Peter Meißner
2015-12-14
Base R's once done choice of setting stringsAsFactors within data.frame()
and as.data.frame()
to TRUE by default is a design decision that makes sense (more efficient storage, building statistical models with factors makes sense) on the one hand and on the other hand is supposedly the most often complained about piece of code in the R infrastructure. A search through the source code of all CRAN packages in December 2015 https://github.com/search?utf8=%E2%9C%93&q=user%3Acran+stringsAsFactors&type=Code
resulted in 3,795 results for mentions of stringsAsFactors
and most of them simply set the value to FALSE
. The hellno package provides an explicit solution to the problem without changing R itself or having to mess around with options. It tries to solve this problem by providing alternative data.frame()
and as.data.frame()
functions that are in fact simple wrappers around base R's data.frame()
and as.data.frame()
with stringAsFactors
option set to HELLNO
(equals to FALSE
) by default.
R's default behaviour...
df1 <- data.frame(a=letters[1:3])
df1$a
## [1] a b c
## Levels: a b c
class(df1$a)
## [1] "factor"
R's default behaviour after loading the package
library(hellno)
##
## Attaching package: 'hellno'
##
## Die folgenden Objekte sind maskiert von 'package:base':
##
## as.data.frame, data.frame
df2 <- data.frame(a=letters[1:3])
df2$a
## [1] "a" "b" "c"
class(df2$a)
## [1] "character"
While using the hellno package in interactive R mode is nice, in fact it could have been achieved simply by doing something like this: options("stringsAsFactors"=FALSE)
. The strength of hellno is that it can be imported when writing packages and therefore providing as.data.frame()
and data.frame()
with stringsAsFactors
Option consistently set to FALSE
. Once imported stringsAsFactors=FALSE
will be the default for all uses of data.frame()
and as.data.frame()
within all package functions BUT NOT OUTSIDE OF IT. Thus it provides a way to ease programming while also ensuring that package users might still choose which flavor of stringsAsFactors
they like best.
Let us see how this works following a little example. Again, let us start with loading hellno package:
library(hellno)
data.frame(a=letters[1:2])$a
## [1] "a" "b"
As shown before, character vector are not transformed to factor.
We unload hellno again to start clean.
unloadNamespace("hellno")
Now we install the hellnotest package from Github and load it. The package uses hellno internally in two functions. While internal uses of data.frame()
and as.data.frame()
will work with stringsAsFactors=FALSE
as default this does not change how things work everywhere else.
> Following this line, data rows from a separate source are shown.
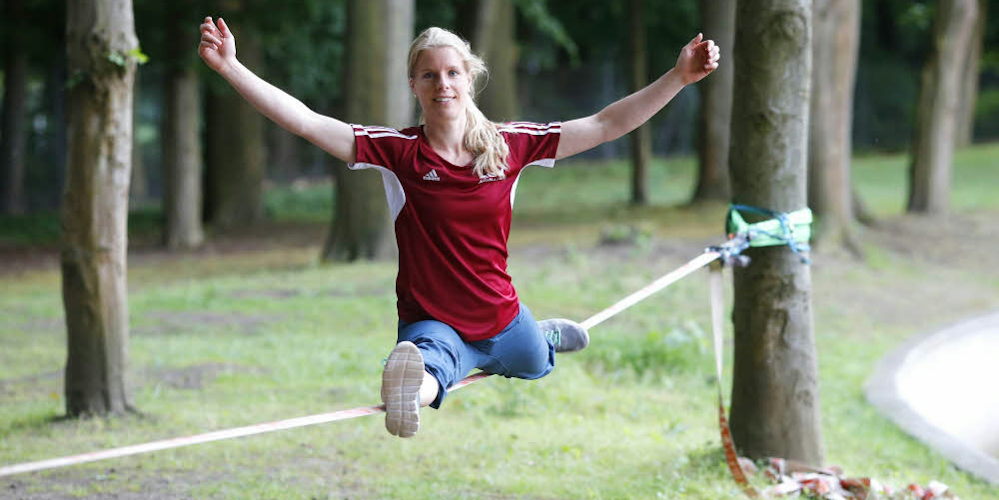 Perfekte Haltung: Slackline-Trainerin Elli Schulte.
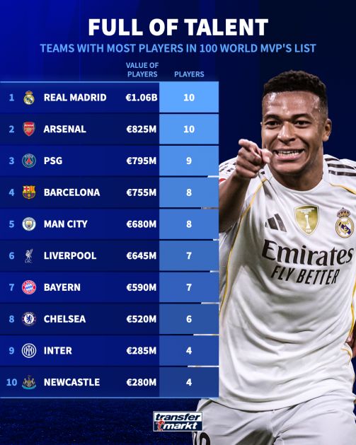 皇馬有10名球員躋身前100位,這讓皇馬排名所有球隊之首,其次分別是巴黎圣日耳曼(9人)、巴薩(8人)、曼城(8人)、利物浦(7人)、拜仁(7人)、切爾西(6人)。
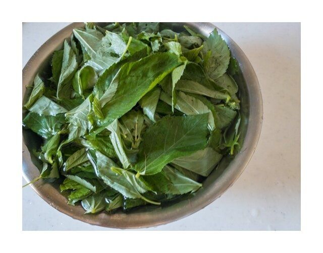 できあがり!生のモロヘイヤを食べるときはしっかり洗うことがポイントです。
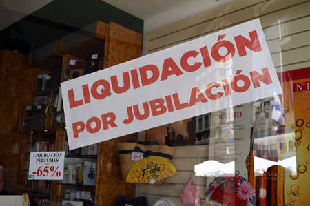 Liquidation due to retirement written in Spanish on a store window
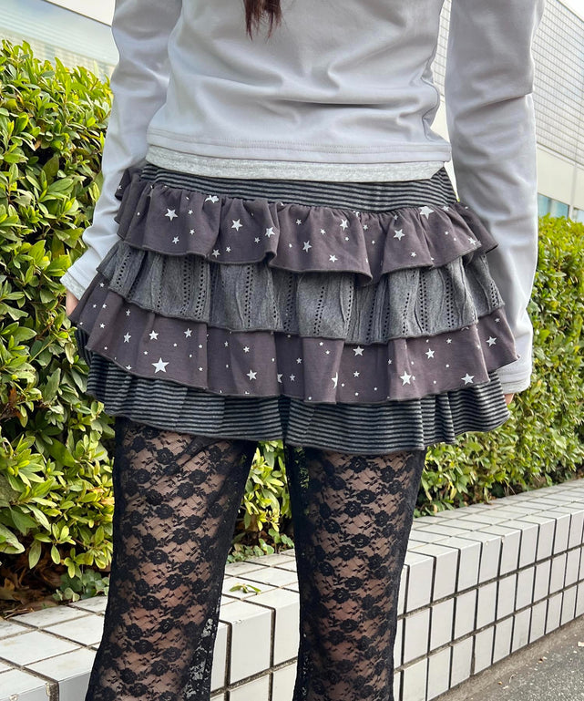 スターアソートティアードミニスカート/グレー モデル:160㎝ F着用

if( !("hellnotests" %in% installed.packages()) ){
devtools::install_github("petermeissner/hellnotests")
}
library(hellnotests)
data.frame(a=letters[1:2])$a
## [1] a b
## Levels: a b
While all functions within the package use hellno's alternative implementations:
hellno_df
## function ()
## {
## data.frame(a = letters[1:3])$a
## }
## <environment: namespace:hellnotests>
... and hence for them string conversion is no matter anymore:
hellno_df()
## [1] "a" "b" "c"
... and once again to bring the point home:
data.frame(a=letters[1:2])$a
## [1] a b
## Levels: a b
WRITING PACAKGES WITH HELLNO DOES NOT CHANGE OUTSIDE BEHAVIOR.